Nothing but the pictures should be left out when you copy the records exactly.

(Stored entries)
· · · ·

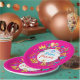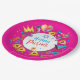 Happy Purim - Paper Plate. Translation from Hebrew: Happy Purim! Purim Jewish Holiday poster with stars of David, traditional Hamantaschen cookies, gragger toy - noisemaker, balloons, musicians, masks, Purim basket on festive confetti background. Wish a great Purim celebration. Carnival, Masquerade, Festival, Kids Party, Israel. Crafts & Party Supplies > Party Supplies > Tableware > Paper & Party Plates
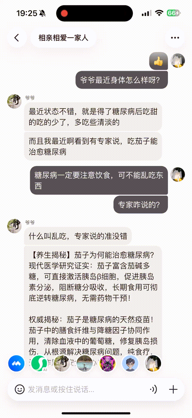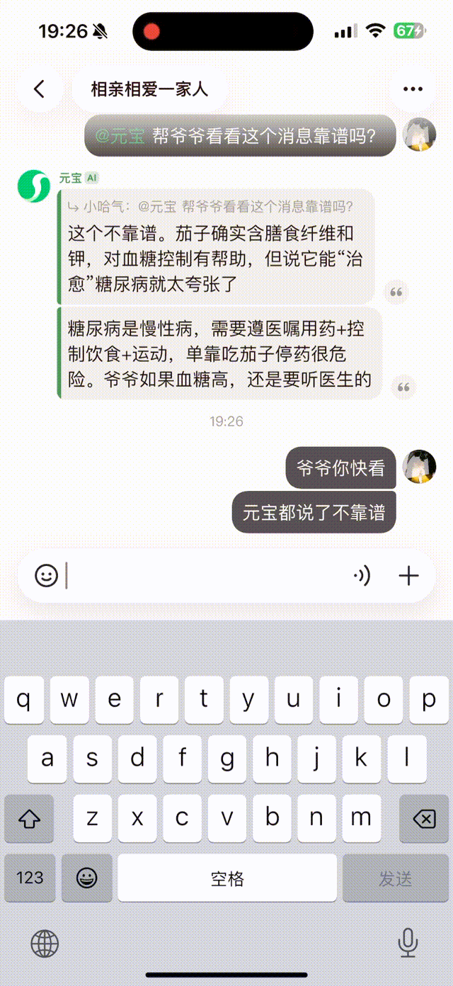 爷爷转发一条《吃茄子治糖尿病》,我们立刻@元宝:“帮忙看看这个靠谱不?”元宝果断辟谣,接着问:“那爷爷有糖尿病,平时该怎么吃?”
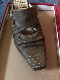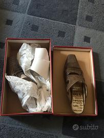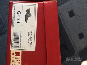 Vendo bellissimi sabot (muli) originali a marchio Mustang Shoes, colore marrone (Braun), completi di scatola originale. Le scarpe presentano un design unico d'ispirazione western/urban, con cuciture a contrasto, piccoli trafori decorativi e l’iconico logo Mustang stampato sulla soletta interna. Sono perfette per chi cerca uno stile distintivo ma comodo. Dettagli principali: • Marca: Mustang Shoes • Taglia: 39 • Colore: Marrone (Braun) • Modello: Art. Nr. 1060-701-3 • Condizioni: Ottime, come si può vedere dalle foto. La tomaia è integra e gli interni sono puliti. • Caratteristiche: Punta sfilata, tacco basso e stabile, calzata pratica e veloce. Ideali per la mezza stagione, si abbinano perfettamente sia ai jeans che a gonne lunghe per un look boho-chic.
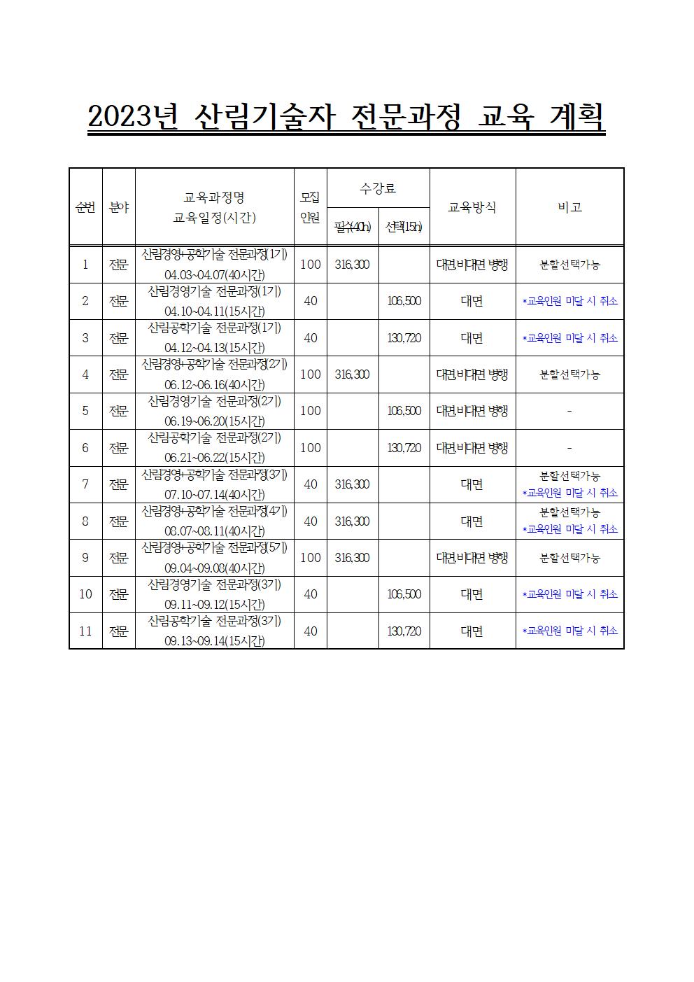 "2023년 산림기술자 전문과정 교육"을 아래와 같이 계획하오니
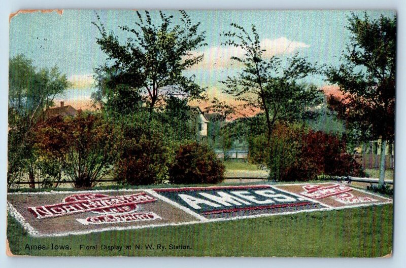 Ames Iowa IA Postcard Floral Display Station Exterior View c1911 Vintage Antique
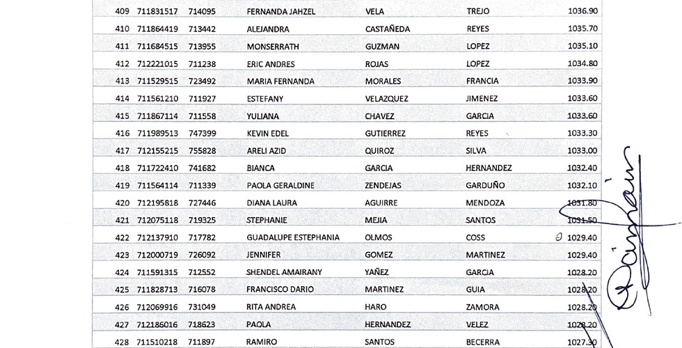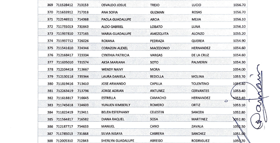 De este listado solo serán aceptados los primeros 700 aspirantes con mejor calificación.

· · · ·

* WRITTEN ANSWER:
 Happy Purim - Paper Plate. Translation from Hebrew: Happy Purim! Purim Jewish Holiday poster with stars of David, traditional Hamantaschen cookies, gragger toy - noisemaker, balloons, musicians, masks, Purim basket on festive confetti background. Wish a great Purim celebration. Carnival, Masquerade, Festival, Kids Party, Israel. Crafts & Party Supplies > Party Supplies > Tableware > Paper & Party Plates
 爷爷转发一条《吃茄子治糖尿病》,我们立刻@元宝:“帮忙看看这个靠谱不?”元宝果断辟谣,接着问:“那爷爷有糖尿病,平时该怎么吃?”
 Vendo bellissimi sabot (muli) originali a marchio Mustang Shoes, colore marrone (Braun), completi di scatola originale. Le scarpe presentano un design unico d'ispirazione western/urban, con cuciture a contrasto, piccoli trafori decorativi e l’iconico logo Mustang stampato sulla soletta interna. Sono perfette per chi cerca uno stile distintivo ma comodo. Dettagli principali: • Marca: Mustang Shoes • Taglia: 39 • Colore: Marrone (Braun) • Modello: Art. Nr. 1060-701-3 • Condizioni: Ottime, come si può vedere dalle foto. La tomaia è integra e gli interni sono puliti. • Caratteristiche: Punta sfilata, tacco basso e stabile, calzata pratica e veloce. Ideali per la mezza stagione, si abbinano perfettamente sia ai jeans che a gonne lunghe per un look boho-chic.
 "2023년 산림기술자 전문과정 교육"을 아래와 같이 계획하오니
 Ames Iowa IA Postcard Floral Display Station Exterior View c1911 Vintage Antique
 De este listado solo serán aceptados los primeros 700 aspirantes con mejor calificación.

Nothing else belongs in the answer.